§ Your goal
Where the line containing "Wieder folgt ein" appears below, begin there and reproduce each line exactly through the last one, omitting pictures.
[Raw data Boundary: Start]
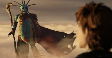 Il y a plusieurs scènes dans Dragons 2 qui font penser au génie de l'animation japonaise. Les moments de glisse entre l'Azur et les nuages, les monstres marins qui ressemblent aux Yokais de Chihiro ou, encore mieux, la plus belle scène du film, l'apparition fantasmatique d'une guerrière remontée des âges obscurs qui traversent les nuages pour rejoindre le héros... Harold chevauche Krokmou, s'allonge sur le dos de son dragon et voit sortir des nimbes une figure infernale, un masque primitif en suspension qui émerge quelques instants, puis s'enfonce dans la ouate crémeuse avant de réapparaître plus menaçant. Secondes silencieuses, inquiétantes qui encapsulent la beauté de ce film fabuleux. Le contraste entre la violence de la plastique amazone (oui, il s'agit d'une femme) et la douceur qu'elle va révéler sous le masque, ce moment de suspension, la beauté aquarellée des images… Impossible de ne pas penser à Miyazaki dont les films sont toujours placés sous les signe d'un féminisme puissant. Pas un féminisme sentimental, mais, comme ici, politique et psychologique.
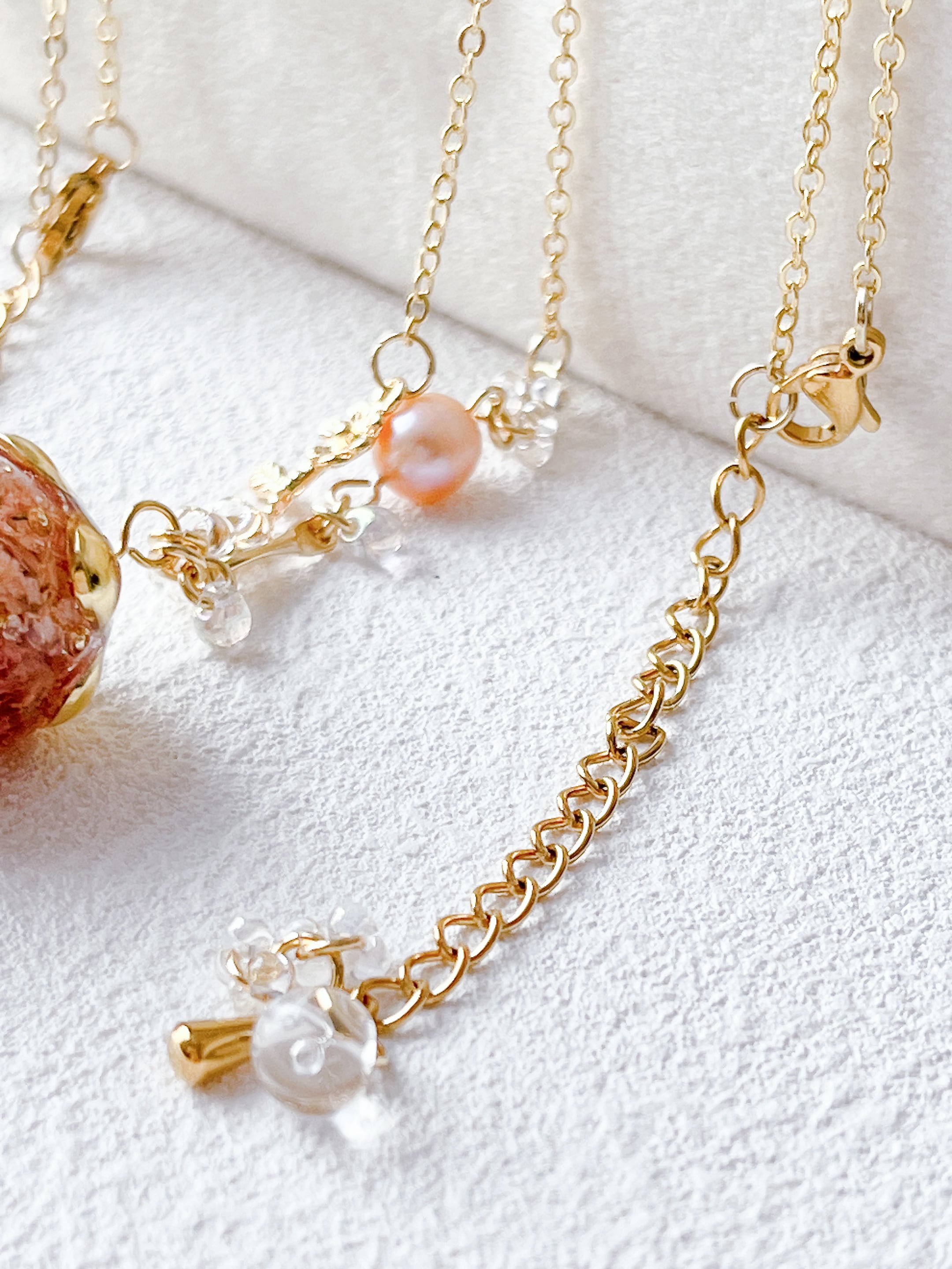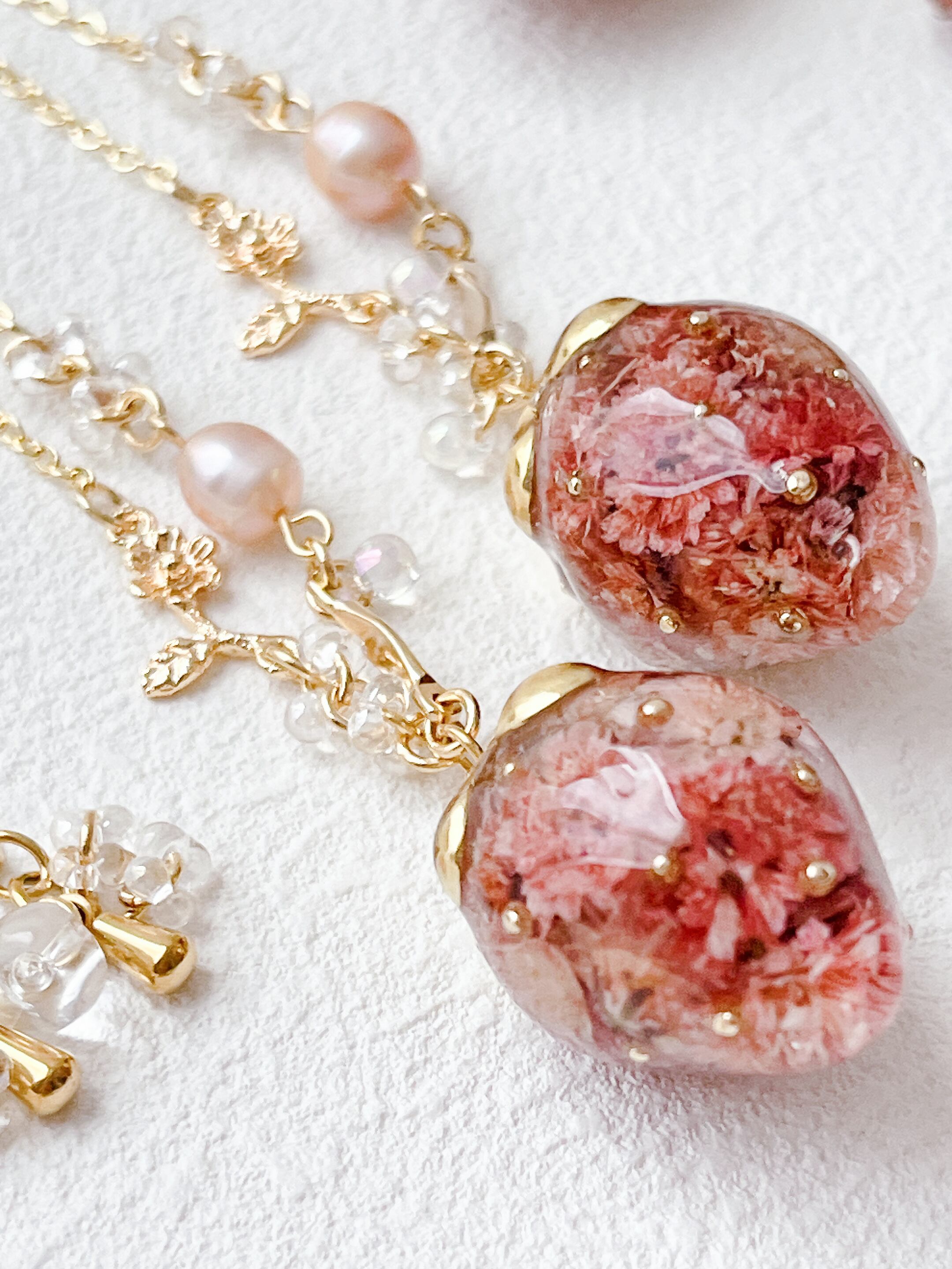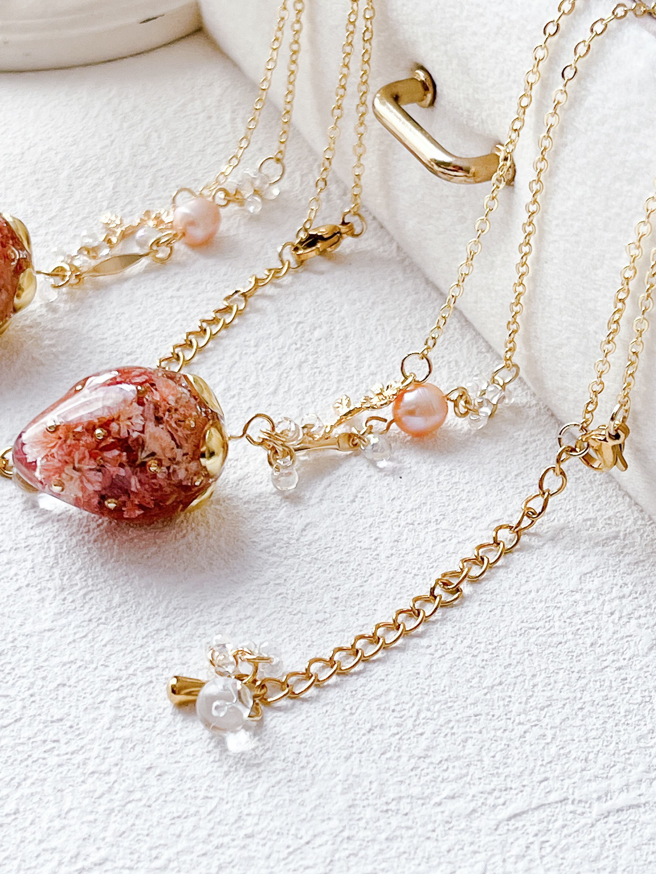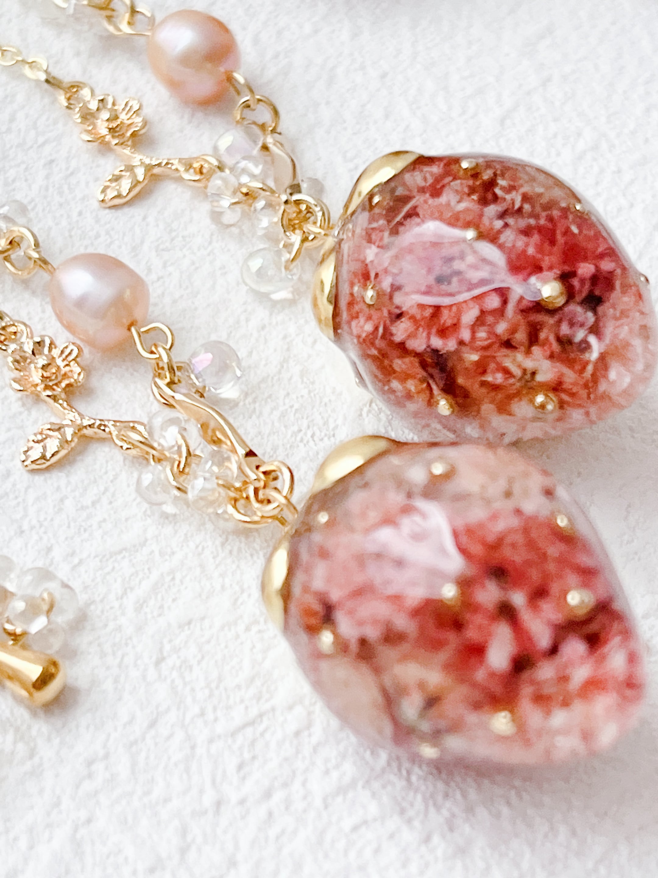 繊細なかすみ草をグラデーションになるように封入して大人も身につけやすいいちごのネックレスにしています。
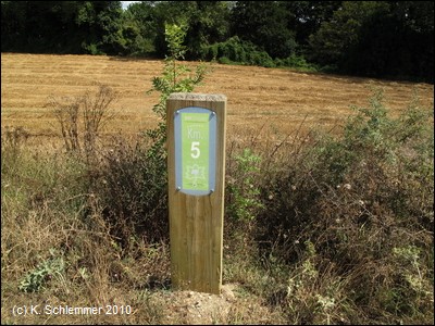 Wieder folgt ein langer, flacher und kerzengerader Einschnitt in Landschaft. Wir erreichen Kilometer 5.
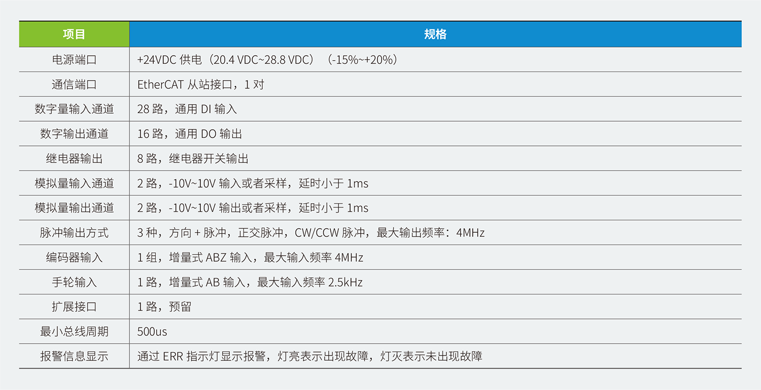 MTIO-2824RND是一款多功能遠程IO模塊,采用EtherCAT總線(xiàn)通信,系統集成數字量輸入輸出、模擬量輸入輸出、手輪輸入、脈沖輸出為一體,性能出色,構建和維護簡(jiǎn)單,適應于多種應用場(chǎng)景。
[Raw data Boundary: End]
§ Answer for the task
 Wieder folgt ein langer, flacher und kerzengerader Einschnitt in Landschaft. Wir erreichen Kilometer 5.
 MTIO-2824RND是一款多功能遠程IO模塊,采用EtherCAT總線(xiàn)通信,系統集成數字量輸入輸出、模擬量輸入輸出、手輪輸入、脈沖輸出為一體,性能出色,構建和維護簡(jiǎn)單,適應于多種應用場(chǎng)景。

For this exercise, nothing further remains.